HOW TO COMPLETE THIS TASK
Reproduce exactly the lines below, starting at the line that contains "Hang Seng árbol" and ending with the last line of the records, both included; leave out any pictures.

RECORDS PROVIDED
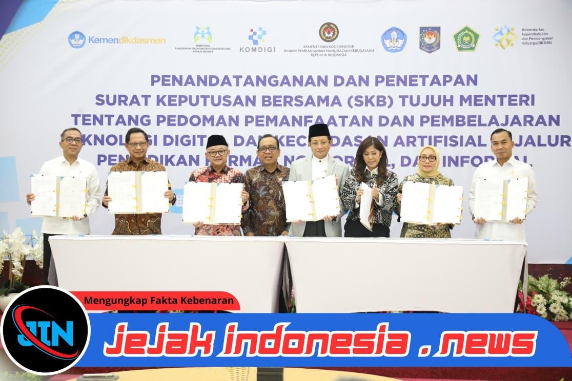 Jakarta – Jejakindonesia.news // Menteri Dalam Negeri (Mendagri) Muhammad Tito Karnavian menandatangani Surat Keputusan Bersama (SKB) 7 Menteri terkait pedoman pemanfaatan teknologi digital dan kecerdasan artifisial di jalur pendidikan formal, non-formal, dan informal. Prosesi penandatanganan itu berlangsung di Aula Heritage, Kantor Kementerian Koordinator (Kemenko) Bidang Pembangunan Manusia dan Kebudayaan (PMK), Jakarta, Kamis (12/3/2026).
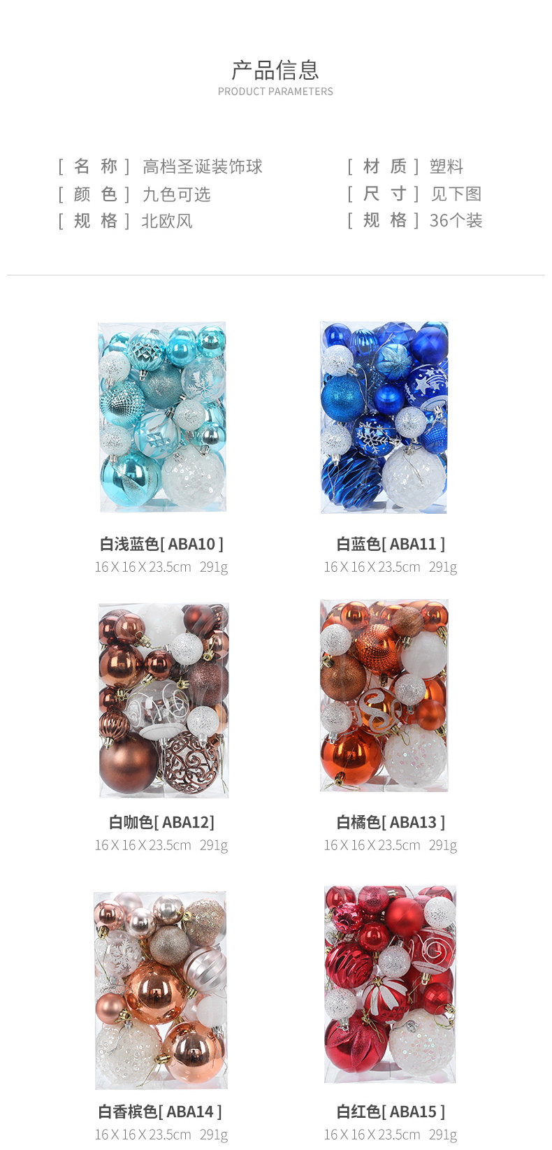 Hang Seng árbol de Navidad ornamento 4cm6cm8cm BOLA DE Navidad 36 barril caja de Navidad bola de color bola mixta
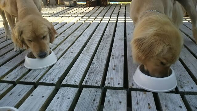長期預かりゴールデンジョジョ君と小太郎君、キャバリア大吉君と柴竜君、しっかり完食しました。
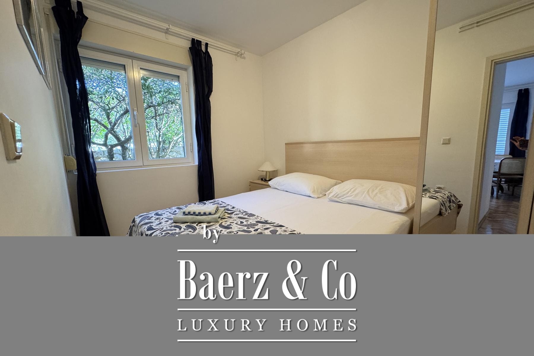 apartment consists of a bedroom, bathroom, kitchen, living room and terrace.Another additional apartment is located in the basement of the house and has two bedrooms, a kitchen, a bathroom and a storage room.There is also a garage in the yard of the house, and the garden itself is full of beautiful Mediterranean plants.Four more cars can be parked in the yard.For any additional information, feel free to contact us!
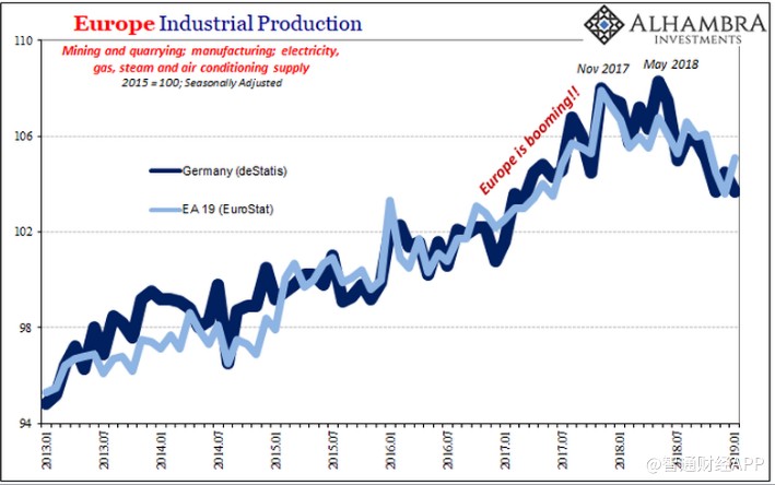 歐盟統計局對整個歐洲工業生產的估計,包括從德國收集的工業生產和重新利用的工業生產數據顯示,歐洲的產量在過去三個月中(11月、12月、1月)同比增速均出現下降,觸及2012 -13年經濟衰退以來低點。
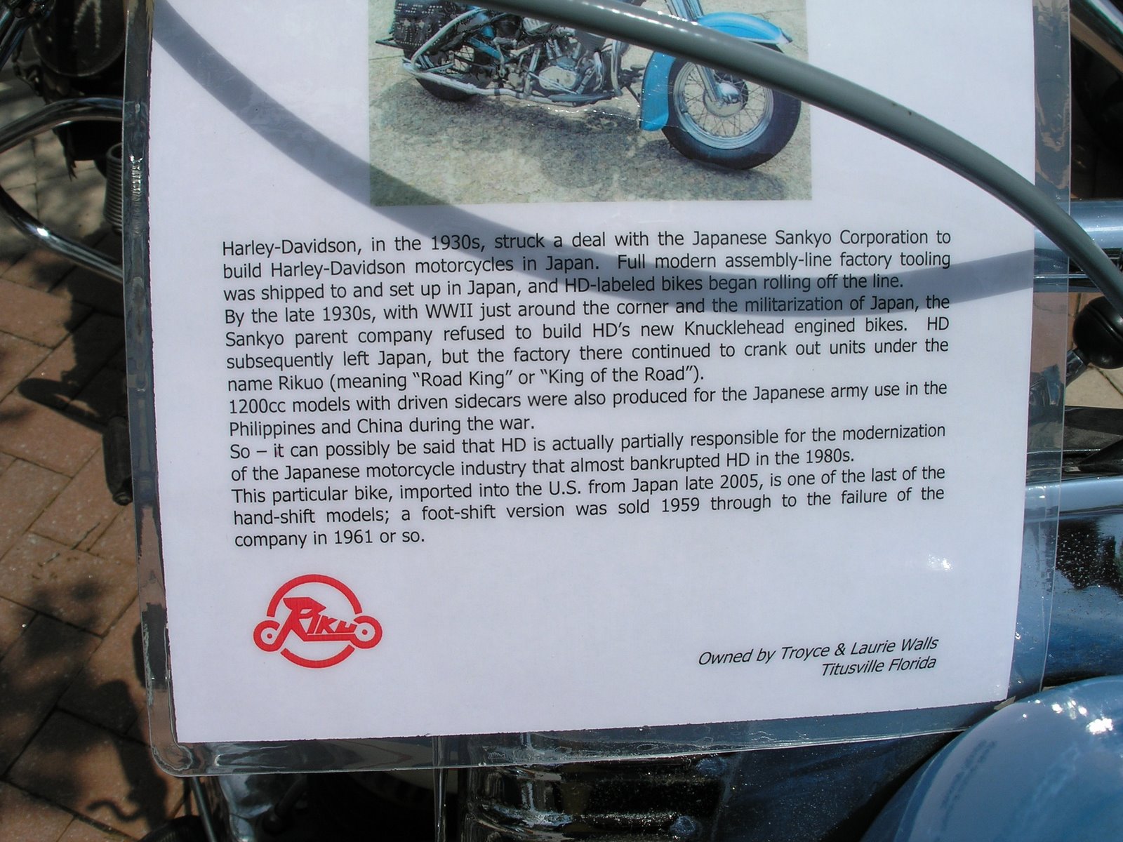 Sankyo Rikuo. A very rare (at least in the U.S.) Japanese Harley Davidson "Road King". Share: Click to share on Facebook (Opens in new window) Facebook Click to share on X (Opens in new window) X Click to email a link to a friend (Opens in new window) Email Click to share on Reddit (Opens in new window) Reddit Click to share on Pinterest (Opens in new window) Pinterest More Click to print (Opens in new window) Print Like Loading...

ANSWER TO THE PROBLEM
 Hang Seng árbol de Navidad ornamento 4cm6cm8cm BOLA DE Navidad 36 barril caja de Navidad bola de color bola mixta
長期預かりゴールデンジョジョ君と小太郎君、キャバリア大吉君と柴竜君、しっかり完食しました。
 apartment consists of a bedroom, bathroom, kitchen, living room and terrace.Another additional apartment is located in the basement of the house and has two bedrooms, a kitchen, a bathroom and a storage room.There is also a garage in the yard of the house, and the garden itself is full of beautiful Mediterranean plants.Four more cars can be parked in the yard.For any additional information, feel free to contact us!
 歐盟統計局對整個歐洲工業生產的估計,包括從德國收集的工業生產和重新利用的工業生產數據顯示,歐洲的產量在過去三個月中(11月、12月、1月)同比增速均出現下降,觸及2012 -13年經濟衰退以來低點。
 Sankyo Rikuo. A very rare (at least in the U.S.) Japanese Harley Davidson "Road King". Share: Click to share on Facebook (Opens in new window) Facebook Click to share on X (Opens in new window) X Click to email a link to a friend (Opens in new window) Email Click to share on Reddit (Opens in new window) Reddit Click to share on Pinterest (Opens in new window) Pinterest More Click to print (Opens in new window) Print Like Loading...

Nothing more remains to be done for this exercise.